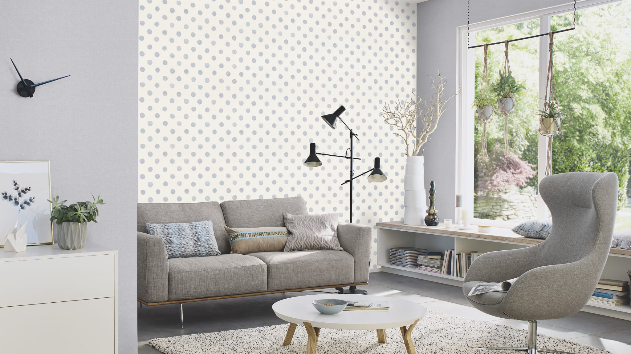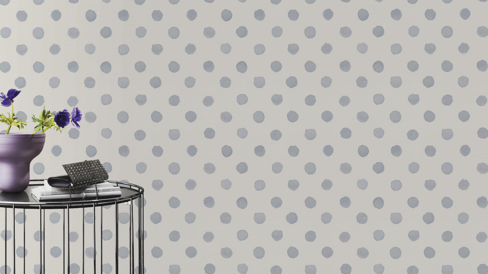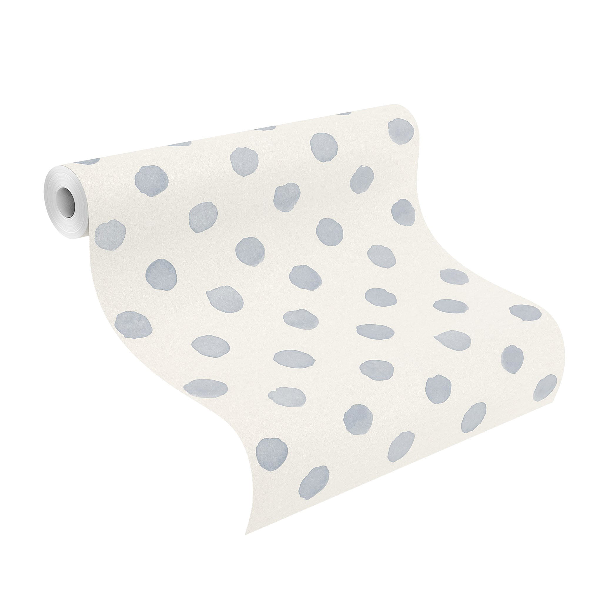 Tapeta o gładkiej strukturze i matowym wykończeniu. Motywem są duże i nieregularne grochy malowane akwarelą. Wzór w odcieniu chłodnego, gołębiego błękitu wypełnia białe tło. Projekt pochodzi z dziecięcych kolekcji producenta Rasch - "Kids World" i "Bambino XIX", producenta Rasch. Modnie odmieni nie tylko dziecięcą przestrzeń ale doskonale sprawdzi się również w aranżacji nowocześnie urządzonego salonu, jadalni, sypialni a także młodzieżowego wnętrza. Świetnie sprawdzi się jako dekoracja jednej ściany, tworząc modne zestawienie z innymi tapetami z kolekcji. Podłoże tapety flizelinowe, ekologiczne, wolne od polichlorku winylu.
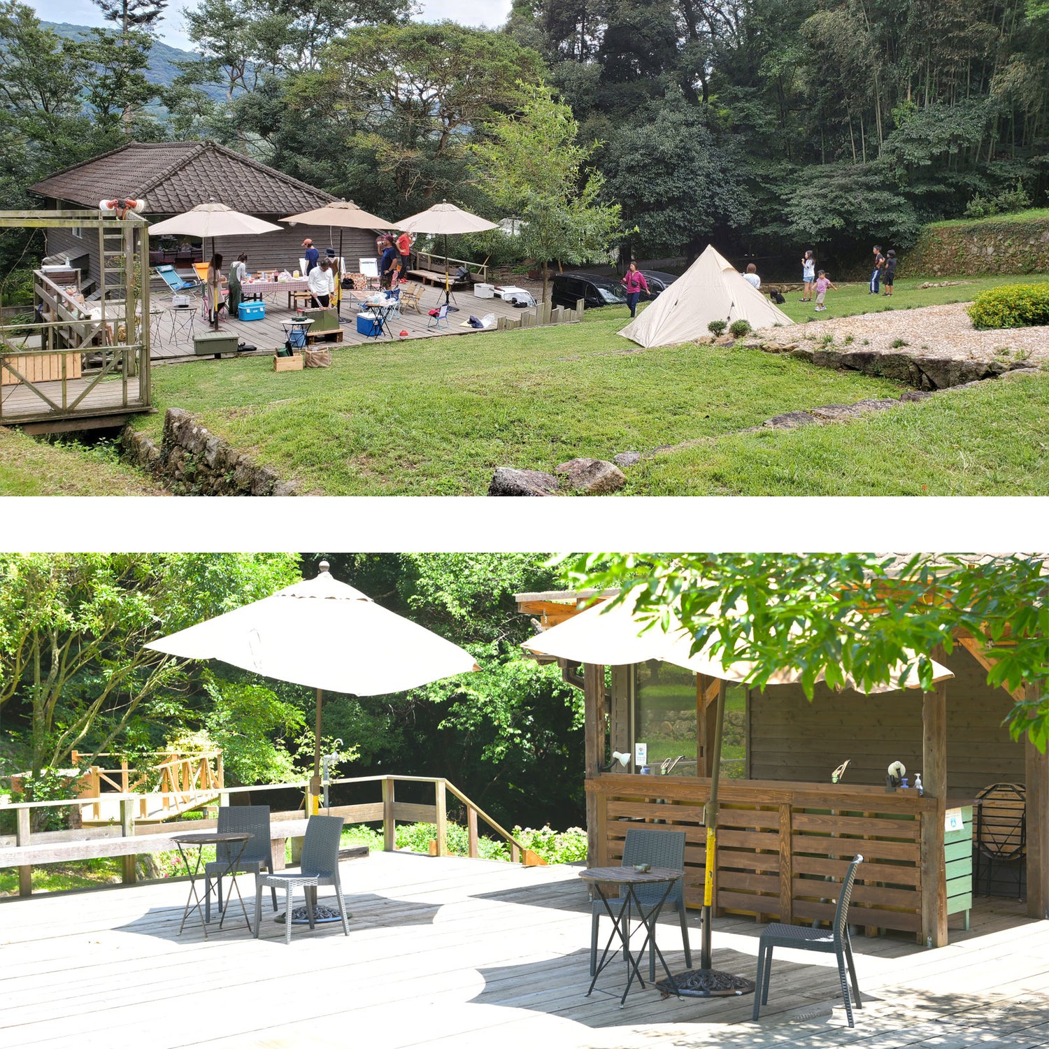 - キャンプエリアは森の中にポツンと隔絶されたエリアです。高速『南関インター』からわずか10分にもかかわらず、豊かな里山の自然が味わえます。
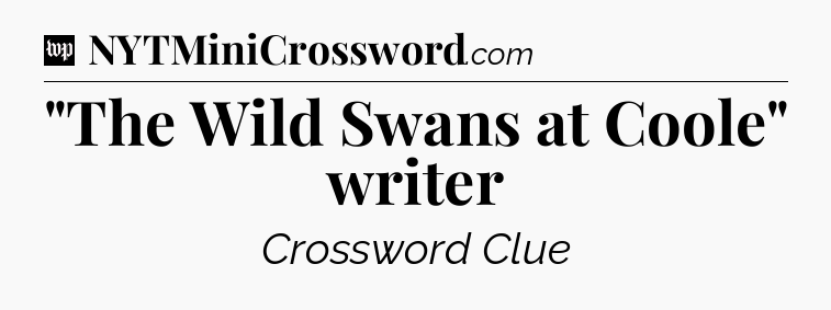 You’ll be glad to know, that your search for tips for Washington Post Crossword game is ending right on this page. With this website, you will not need any other help to pass difficult task or level. It helps you with “The Wild Swans at Coole” writer crossword clue answers, some additional solutions and useful tips and tricks. Using our website you will be able to quickly solve and complete Washington Post Crossword game which was created by the The Washington Post developer together with other games.
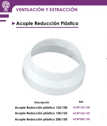- Adaptabilidad Versátil: Ideal para conectar extractores, filtros y tubos flexibles con diámetros distintos (disponible en 125/100, 150/125 y 200/150 mm).
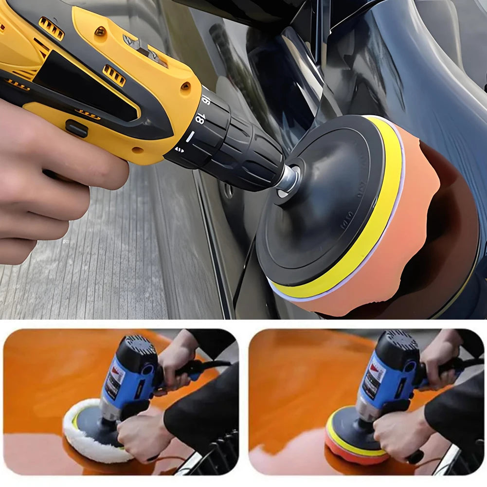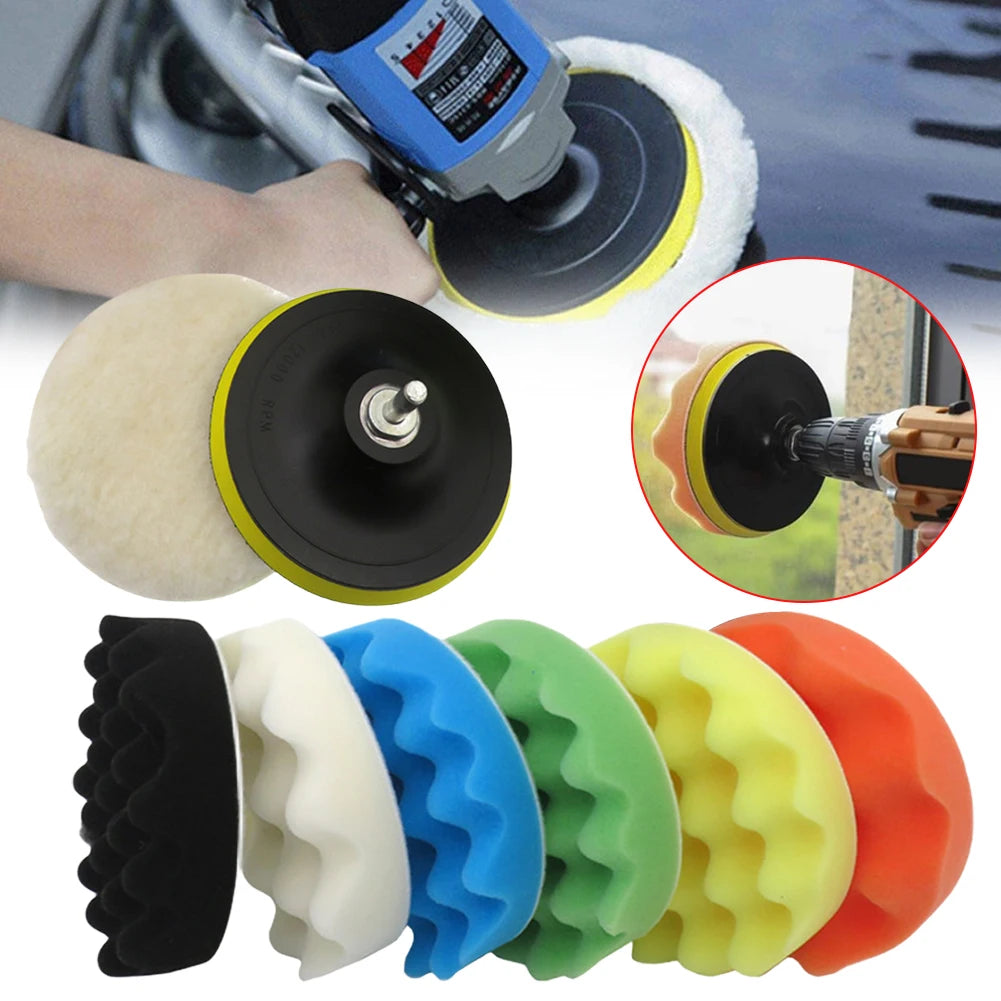 6pcs x 5 Inch Foam Polishing Pad (Blue/Yellow/Orange/Black/White/Green) 1 x 5 Inch Drill Bit Adapter 1 x 5 Inch Threaded Liner 1 x 5 Inch Wool Cushion
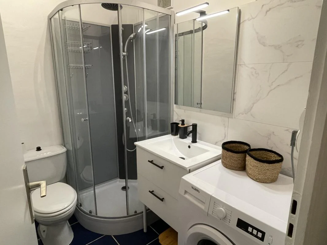 Entrée sur pièce de vie, cuisine séparée aménagée et équipée, chambre avec dressing. Salle de douche avec avec WC, meuble vasque et machine à laver.
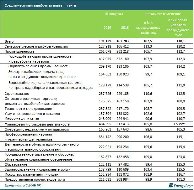 Напомним, по официальным данным Комитета по статистике МНЭ РК, по итогам третьего квартала 2019 года среднемесячная заработная плата в стране составляла 191,1 тыс. тг, против 186,5 тыс. тг во втором квартале и 161,8 тыс. тг — в третьем квартале 2018-го.
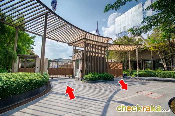 ซุ้มประตูทางเข้า-ออกหลักของโครงการมีขนาดไม่ใหญ่มาก ดีไซน์เรียบๆ ไม่มีหลังคากันแดดแบบจริงจัง

| TO DO |
The reply must consist of the complete listing, reproduced exactly, with no images.

| SOLUTION FOR THIS EXERCISE |
 Tapeta o gładkiej strukturze i matowym wykończeniu. Motywem są duże i nieregularne grochy malowane akwarelą. Wzór w odcieniu chłodnego, gołębiego błękitu wypełnia białe tło. Projekt pochodzi z dziecięcych kolekcji producenta Rasch - "Kids World" i "Bambino XIX", producenta Rasch. Modnie odmieni nie tylko dziecięcą przestrzeń ale doskonale sprawdzi się również w aranżacji nowocześnie urządzonego salonu, jadalni, sypialni a także młodzieżowego wnętrza. Świetnie sprawdzi się jako dekoracja jednej ściany, tworząc modne zestawienie z innymi tapetami z kolekcji. Podłoże tapety flizelinowe, ekologiczne, wolne od polichlorku winylu.
 - キャンプエリアは森の中にポツンと隔絶されたエリアです。高速『南関インター』からわずか10分にもかかわらず、豊かな里山の自然が味わえます。
 You’ll be glad to know, that your search for tips for Washington Post Crossword game is ending right on this page. With this website, you will not need any other help to pass difficult task or level. It helps you with “The Wild Swans at Coole” writer crossword clue answers, some additional solutions and useful tips and tricks. Using our website you will be able to quickly solve and complete Washington Post Crossword game which was created by the The Washington Post developer together with other games.
- Adaptabilidad Versátil: Ideal para conectar extractores, filtros y tubos flexibles con diámetros distintos (disponible en 125/100, 150/125 y 200/150 mm).
 6pcs x 5 Inch Foam Polishing Pad (Blue/Yellow/Orange/Black/White/Green) 1 x 5 Inch Drill Bit Adapter 1 x 5 Inch Threaded Liner 1 x 5 Inch Wool Cushion
 Entrée sur pièce de vie, cuisine séparée aménagée et équipée, chambre avec dressing. Salle de douche avec avec WC, meuble vasque et machine à laver.
 Напомним, по официальным данным Комитета по статистике МНЭ РК, по итогам третьего квартала 2019 года среднемесячная заработная плата в стране составляла 191,1 тыс. тг, против 186,5 тыс. тг во втором квартале и 161,8 тыс. тг — в третьем квартале 2018-го.
 ซุ้มประตูทางเข้า-ออกหลักของโครงการมีขนาดไม่ใหญ่มาก ดีไซน์เรียบๆ ไม่มีหลังคากันแดดแบบจริงจัง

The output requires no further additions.